Humming Bird Zen

A local family’s amazing interaction with their feathered friends




A mind at peace, a mind centred and not focused on harming others, is stronger than any physical force in the universe. ~Wayne Dyer

Four years ago, my husband and I moved with our two small children from a busy Campbell River neighbourhood into a more remote quiet area located slightly north, along the ocean, and surrounded by trees. It provided the softer, slower pace that we craved for our family.

Upon moving in, our sweet neighbour, Sue, informed us that she had been feeding the migrating Rufous hummingbirds in the area for years and invited us over so our kids could try feeding them by hand. Our youngest was only three at the time and lasted all of two seconds, the oldest, Maisie, was six and determined to make it happen. She’d always been a bit of an animal whisperer. After about 40 minutes of calm stillness, with her outstretched hands resting on the feeder, one finally landed inches from her. After this interaction, we were hooked and immediately got some feeders. The next year our neighbour moved away and passed her feeders and insight on to us. We happily took over for her, feeding these amazing Rufous Hummingbirds.

The Rufous Hummingbird makes one of the longest migratory journeys of any bird in the world, travelling nearly four -thousand miles from breeding grounds in Alaska and Northwest Canada to wintering sites in Mexico.

Sue had passed on a lot of her accumulated knowledge about these tiny, feisty creatures. The more I learned, the more fascinated I was, especially when there were hundreds drinking from our feeders. Studies have shown that hummingbirds can remember every flower they’ve ever visited, including while on migration routes. They can anticipate how long to wait between visits, so the flowers have time to generate more nectar.
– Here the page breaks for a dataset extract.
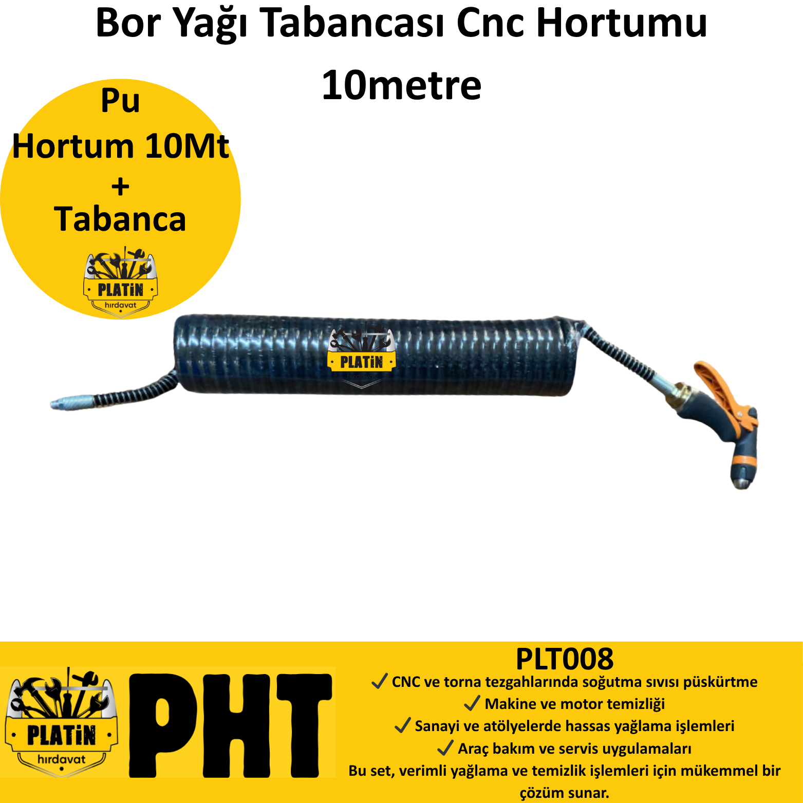PHT Bor Yağı Tabancası Cnc Hortumu 8*12MM 10metre plt008

They can even recognize humans and know which ones can be trusted and depended on to refill empty hummingbird feeders.

When Maisie sat down the following year, to see if her feathered friends would visit her, the results were thrilling.

The hummingbirds were all over her in a matter of minutes. It was truly mesmerizing. Some of the birds sat on her finger while they fed on the sugar water and they slowly began frequenting the feeders without fear of her. As a photographer, having my daughter with hummingbirds all around her makes pretty magical subject matter.
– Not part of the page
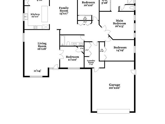 Two bathroomsEat-in kitchenAttached garageSafely-enclosed yardArched windowsColorful exteriorBig center island

It’s been four years since this all started for us, I now have eight feeders, and hundreds of Rufous Hummingbirds visit us each spring. My neighbours even joke that I’m hoarding them. We feed the hummingbirds a simple mix of one cup of sugar to four cups of water (no dye necessary). When the hummingbirds are the most active, I refill eight feeders twice a day. I can often be found ignoring my own family dinner to ensure the feeders are full for my little friends outside. They are so curious, and I can honestly tell that they recognize us. When I am outside, they zip by and, at times, hover by my head as if to let me know the feeders need refilling.

Last year on Maisie’s 9th birthday, the little gems paid us the most intense visit yet. I could see a few buzzing around, but I hadn’t put the feeders out yet. I got some together and, when Maisie sat down at the fresh feeders, there were roughly 30 to 40 swarming and landing all over her.

The buzz of their wings remains my most cherished sound and I feel so grateful when they arrive annually. The progression of the hummingbird whispering is one of my favourite memories and always reminds me to slow down, soften up, and enjoy the magic that nature so freely gives.